Propranolol, a commonly prescribed beta-blocker, interferes with the neurochemical pathway thought to be responsible for making emotionally arousing events more memorable - the beta-adrenergic system - and it has been used experimentally in the treatment of patients with PTSD. In one study, published in October, Guillaume Vaiva, of the University of Lille, and colleagues offered propranolol to victims of assault or motor accidents shortly after their traumatic experience, and then invited them back for psychological testing two months later. On their return, almost all the patients exhibited some symptoms associated with PTSD, but they were twice as severe among those who had not taken the drug.

The finding that propranolol can be effective at blocking memory when given after an event, as well as before, is important because, as Loftus explains, "in the real world, you can't be there to exert your manipulations right at the time an event is happening, but you can get on the scene later". It has been proposed that propranolol should be offered to victims of rape as a standard measure to prevent them developing PTSD. But could it also be used to erase false memories - for instance, "recovered" memories of alien abduction - that nevertheless elicit all the physiological responses associated with harrowing real memories?

"If the formation of false memories depends on beta-adrenergic activation, then it would seem very possible that propranolol administration could affect them," says the University of California, Irvine, neurobiologist Larry Cahill, who has also investigated the effects of the drug in PTSD patients. But Ray Dolan, of the University of California, Los Angeles, who co-wrote, with Strange, a study on memory for emotional words, points out that not all false memories have a common basis. If they are interpolations into gaps in memory - such as the gap that opened up before the presentation of an emotionally arousing word, or possibly the gap into which Alda inserted a memory of having over-indulged in eggs - then it is conceivable the drug would work. But, says Dolan, "other classes of false memory - for example, where the memories are fantasies or out-and-out fabrications - would be immune to propranolol."

The idea of doctors having the power to wipe the memory clean sends shivers down many spines. False memories could safely be erased, perhaps, assuming there was a reliable way of differentiating them from true ones. Although brain-imaging techniques highlight some differences in patterns of brain activation when a person recalls a true memory, these are statistical differences only. "We are so far away from being able to use these techniques to reliably classify a single memory as being real or not real," says Loftus. "Yet that is what the courts have to do."

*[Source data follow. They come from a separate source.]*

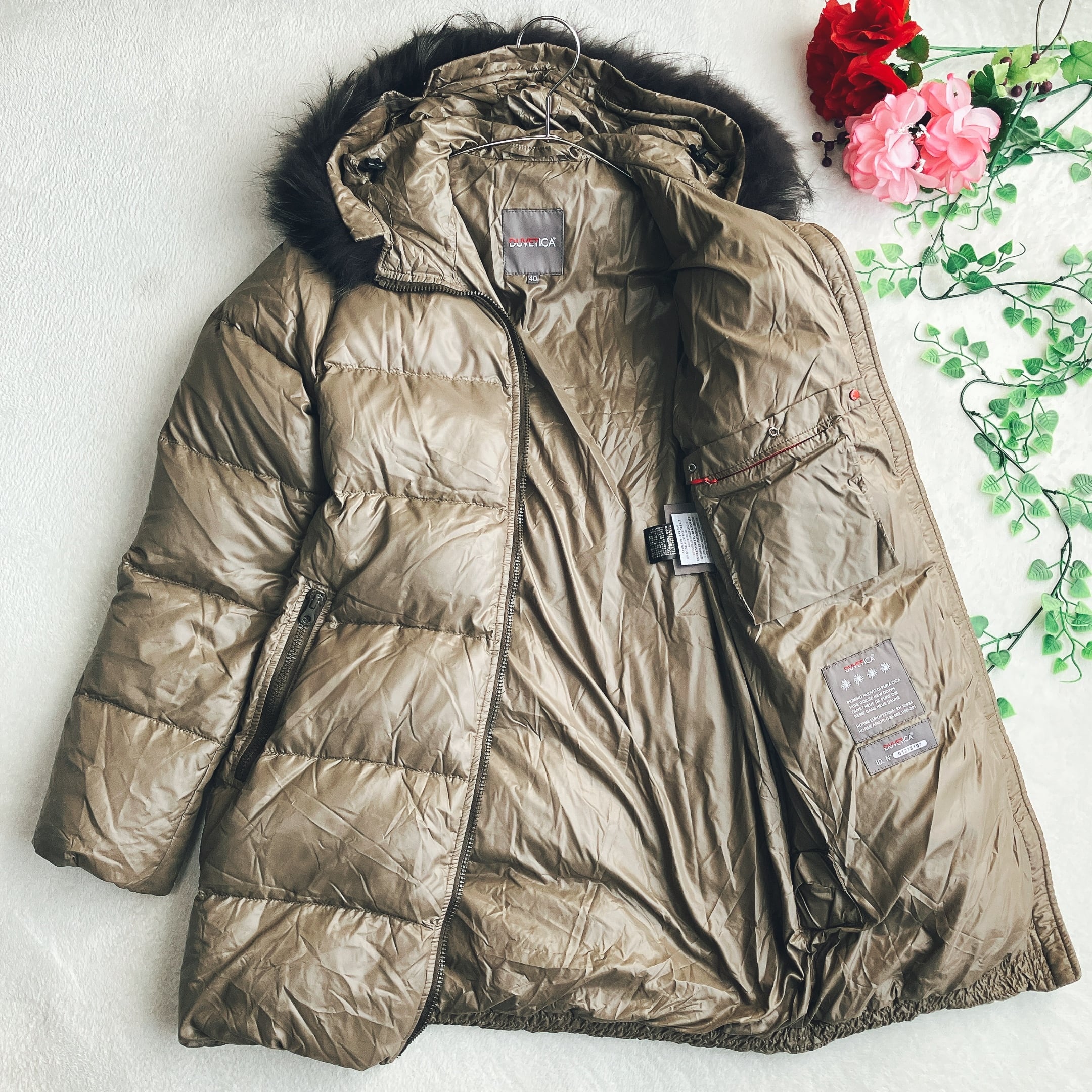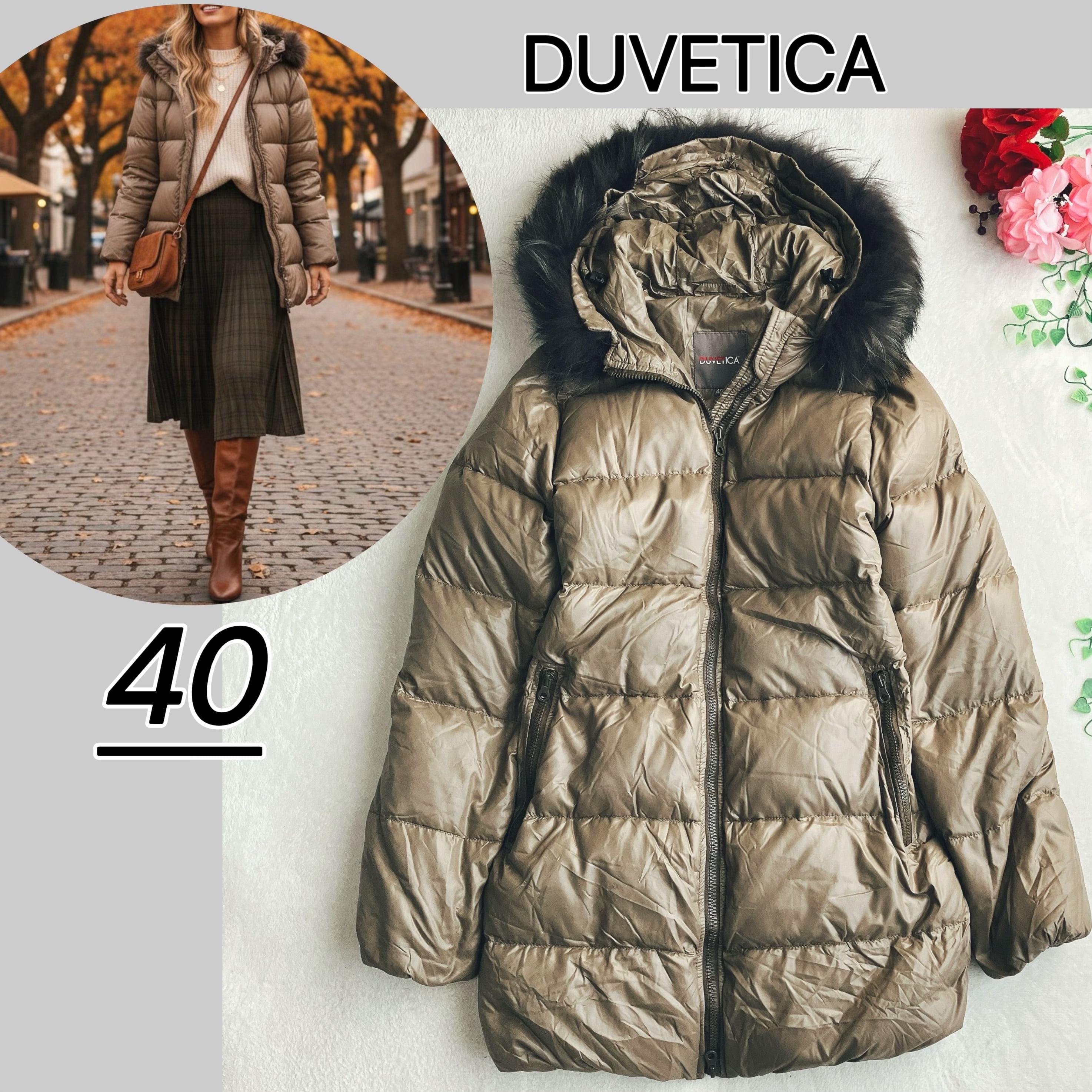 DUVETICA デュベティカ★2WAY ダウンコート Kappa フィンラクーンファー フード付き タン系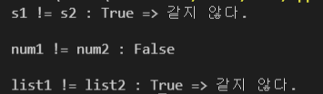 num1 != num2의 결과가 False 가 나온 것을 알 수 있습니다.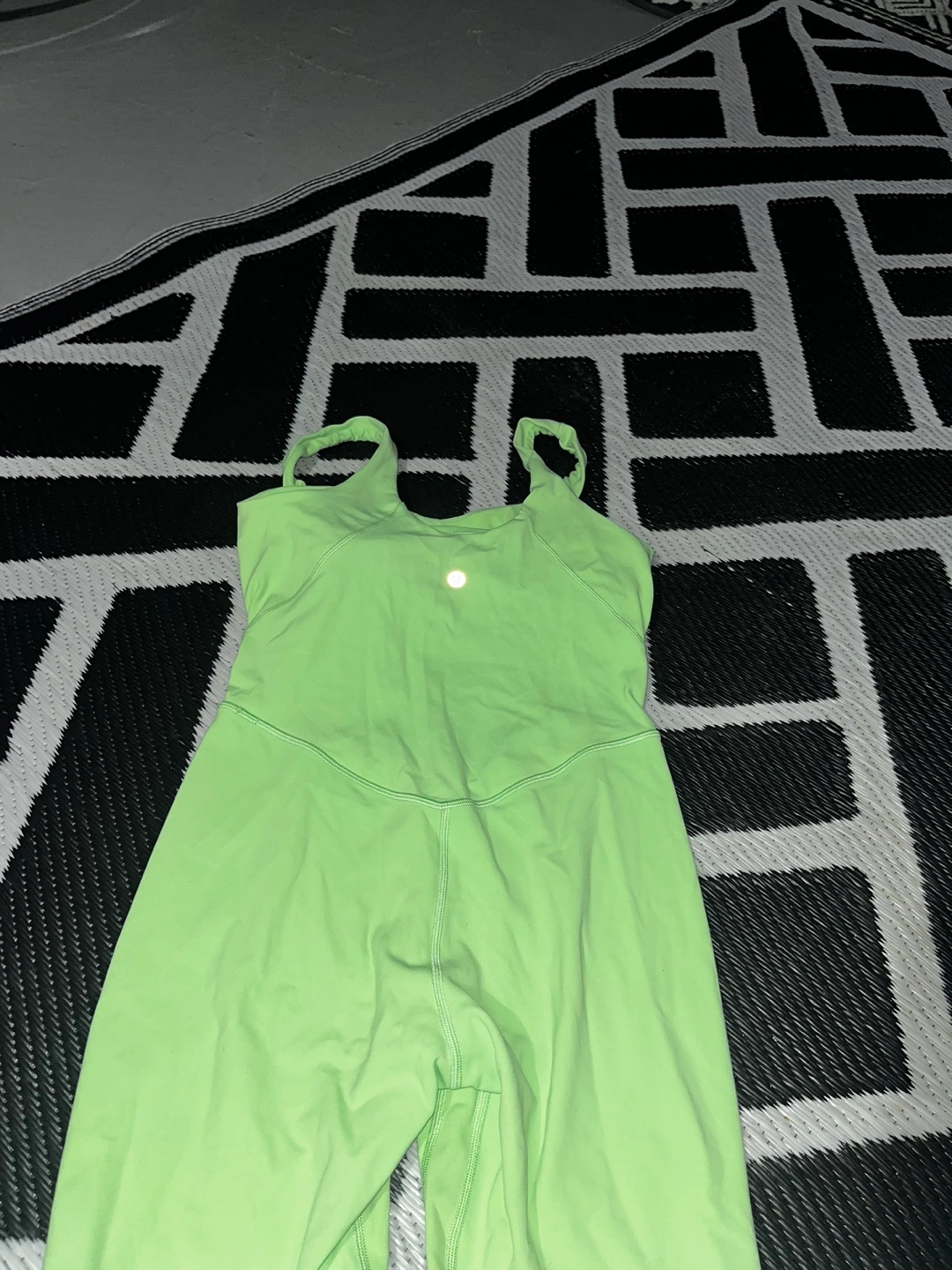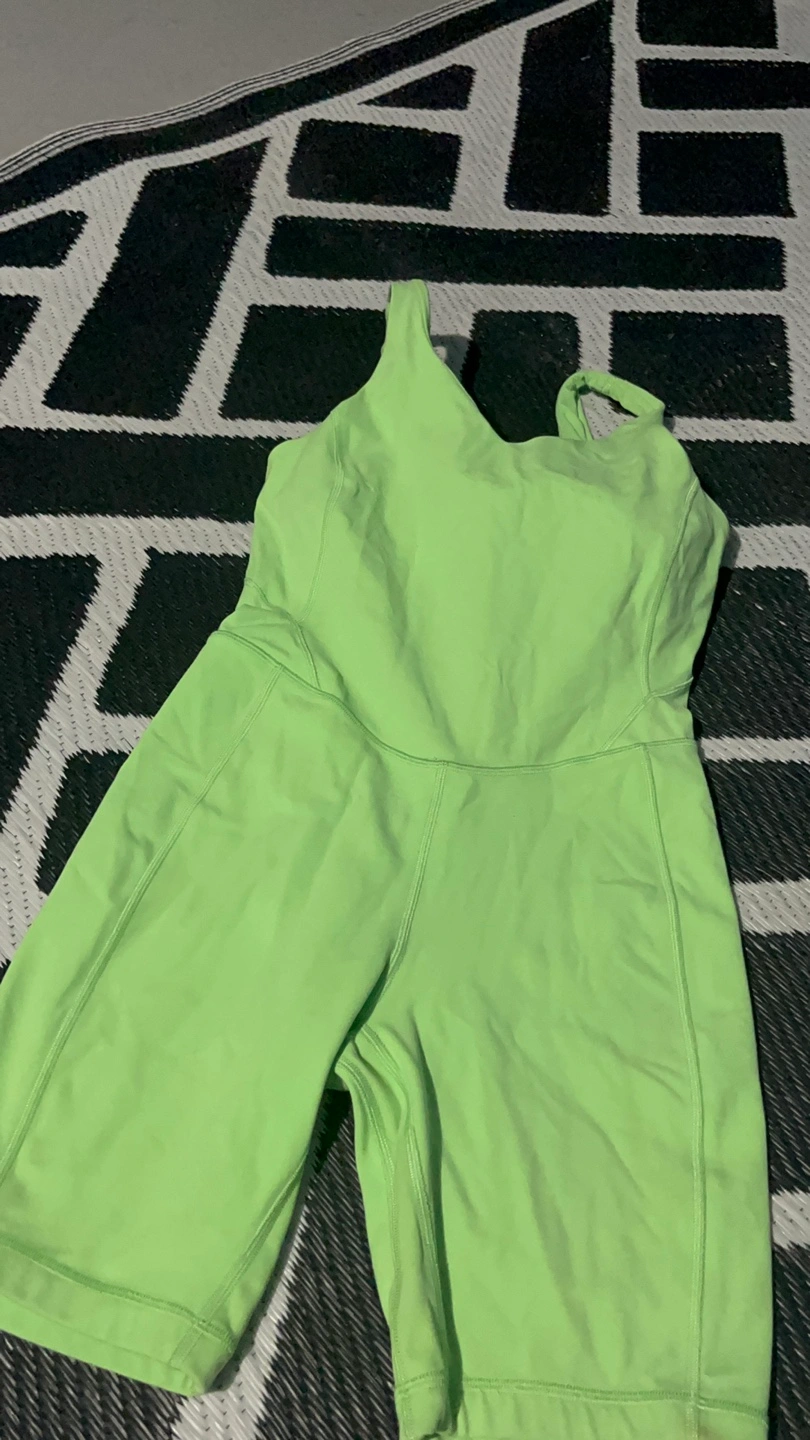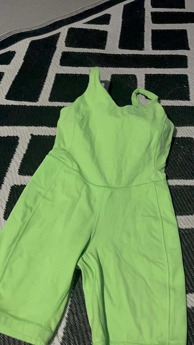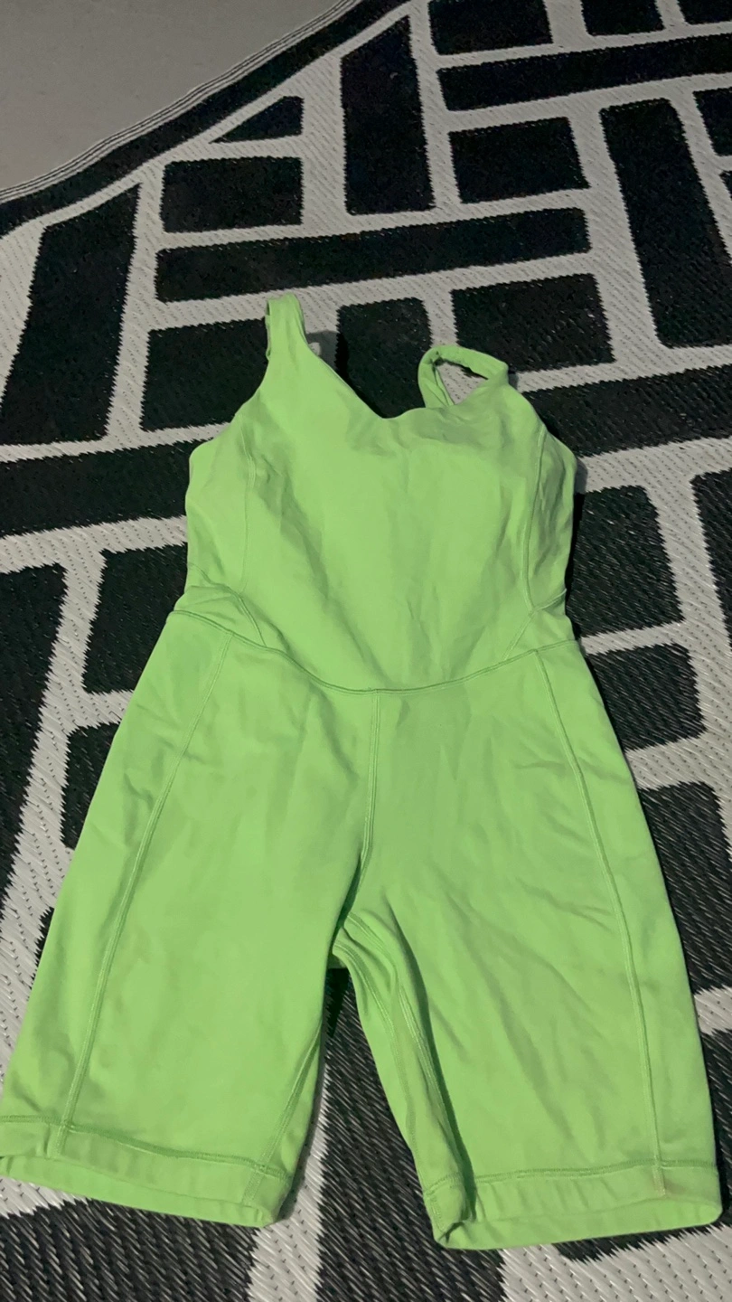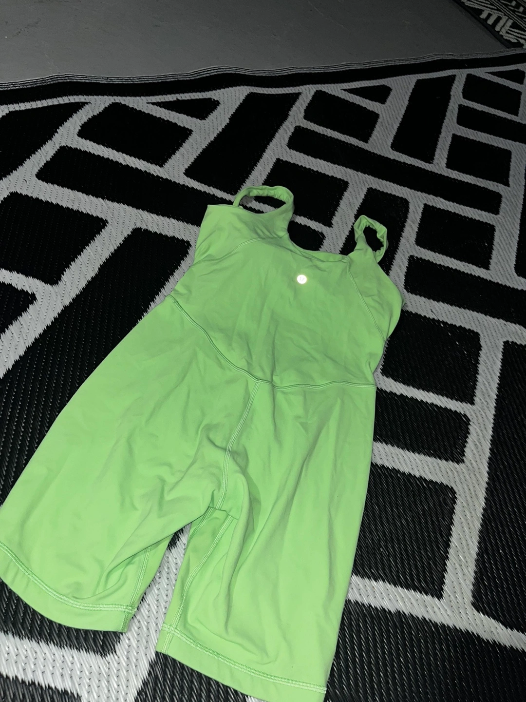 Lululemon one-piece in green. It has a racerback style and built-in shorts. Worn once want gone asap please smoke free pet free home pick up only it doesn’t fit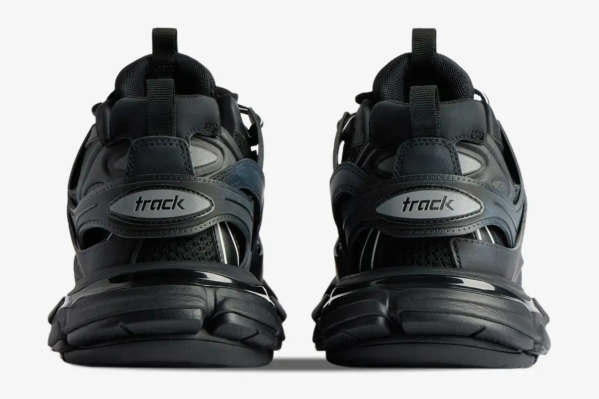 The multi-layered upper utilizes over ninety-six separate components to create a dense, protective cage around the foot. This blacked-out version highlights the intricate overlapping of mesh and nylon panels without the distraction of contrasting colors. The double-laced system provides a secure fit while adding to the signature industrial look of the Track line.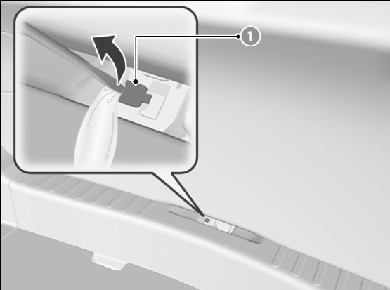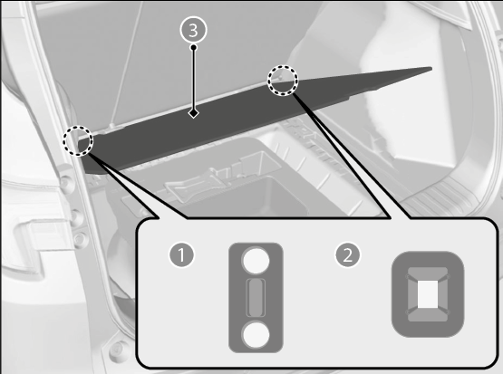 [1] Levante a cobertura do assoalho e desencaixe os suportes de fixação da cobertura do assoalho das fixações no assoalho do compartimento de bagagem.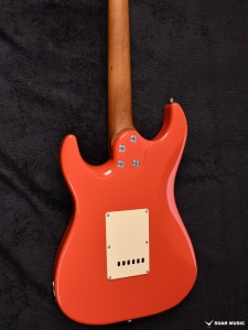 ローステッドメイプルとはメイプルを高温で加熱処理して材の中の水分や油分を揮発させることにより木材を経年変化した状態に人工的に近づけた材のことです。経年変化が進んだ材は歪みやねじれが生じにくくなります。ネックに使用されるとその効果は安定性だけでなくサウンドにも及び、豊かな生鳴りと経年変化したビンテージのようなこなれたトーンを生み出します。一般的に高級機種などで用いられる材ですが、手に取りやすい価格帯に落とし込むことに成功しました。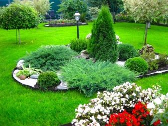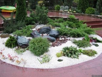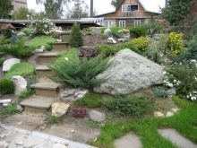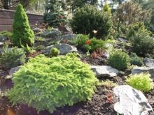 Иглолистни дървета, например хвойна, кипарис, туя – ще бъдат основата за пързалката. Скалната градина и храстите органично ще се впишат в композицията: рододендрон, метла, бадеми, боровинки.
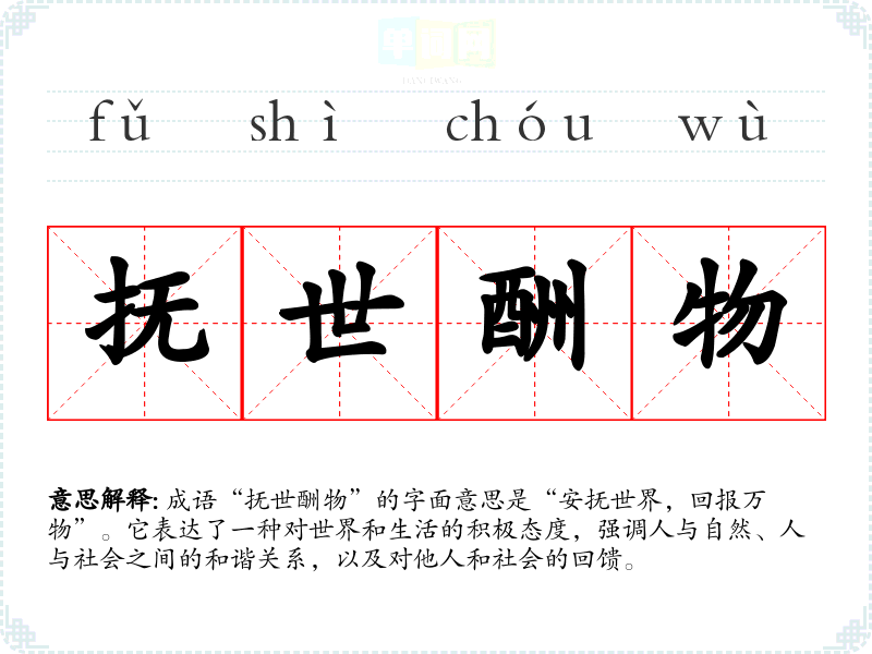 - 日常对话:用于表达对生活的感恩和回报之心,例如:“我们要抚世酬物,珍惜身边的一切。”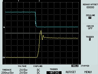 | パルス立ち上がり(エミッタフォロア回路) 特に波形としては良好(分解能以下)。 |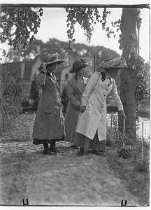 Drie dames met hoeden in een tuin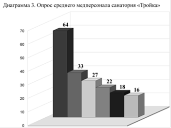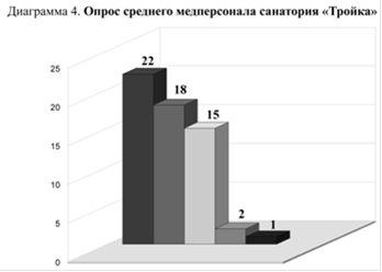 . Почти треть опрошенных привлекает хорошее отношение к ним администрации, что положительно характеризует весь руководящий состав санатория. Но и почти четверть респондентов недовольны укомплектованностью своих рабочих мест, что никак не может, в свою очередь, качественно улучшать трудоспособность сотрудников и повышать качество оказываемой медицинской помощи нуждающимся в ней больным.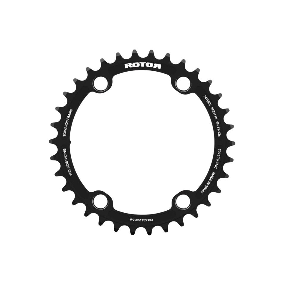 La empresa española no solo ha cambiado ligeramente su diseño; un nuevo perfil de dentado los hace compatibles con las cadenas Shimano HG de 12 velocidades y, por lo tanto, con los últimos grupos Shimano de carretera de 12 velocidades. Gracias a su círculo de pernos asimétrico de 110 milímetros, los platos se pueden montar en bielas Rotor ALDHU/VEGAST y en todas las bielas Shimano de carretera de 11/12 velocidades (incluidas las bielas con potenciómetro Shimano). Especificaciones técnicas: Material: Aluminio 7075 T6 Diámetro de la rueda: 110 mm Montaje: Araña de 4 brazos (Shimano asimétrico) Compatibilidad de bielas: Rotor ALDHU | VEGAST | INSpider | INPOWER | 2INPOWER | Shimano Road | Medidor de potencia Shimano Road Compatibilidad de cadena: Shimano HG de 11 o 12 velocidades Montaje: Interno Ovalización: Ninguna Peso aproximado: 31 g (34 dientes) |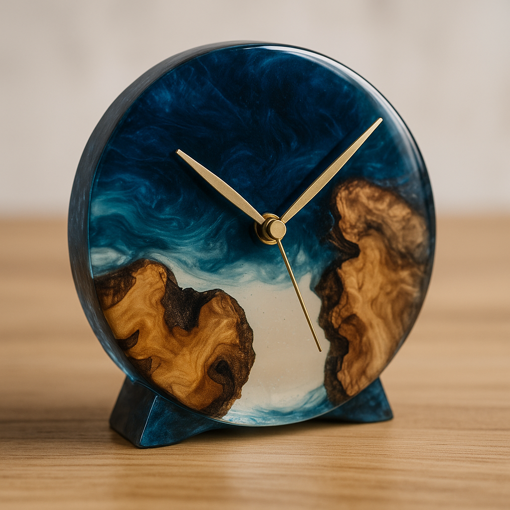 天然木のあたたかみと、深く澄んだレジンの流れが融合した、

True memories, too, can become destructive, leading to PTSD and other anxiety disorders. But they start out as important self-defence mechanisms - teaching you, for instance, that too many hard-boiled eggs are bad for you. Erasing them completely could be dangerous.

In the end, says Loftus, it will come down to personal choice. "What would you rather be in the world - sadder but wiser, all too well remembering the horrors of your past and feeling depressed, or perhaps not remembering them very much and being a little happier?"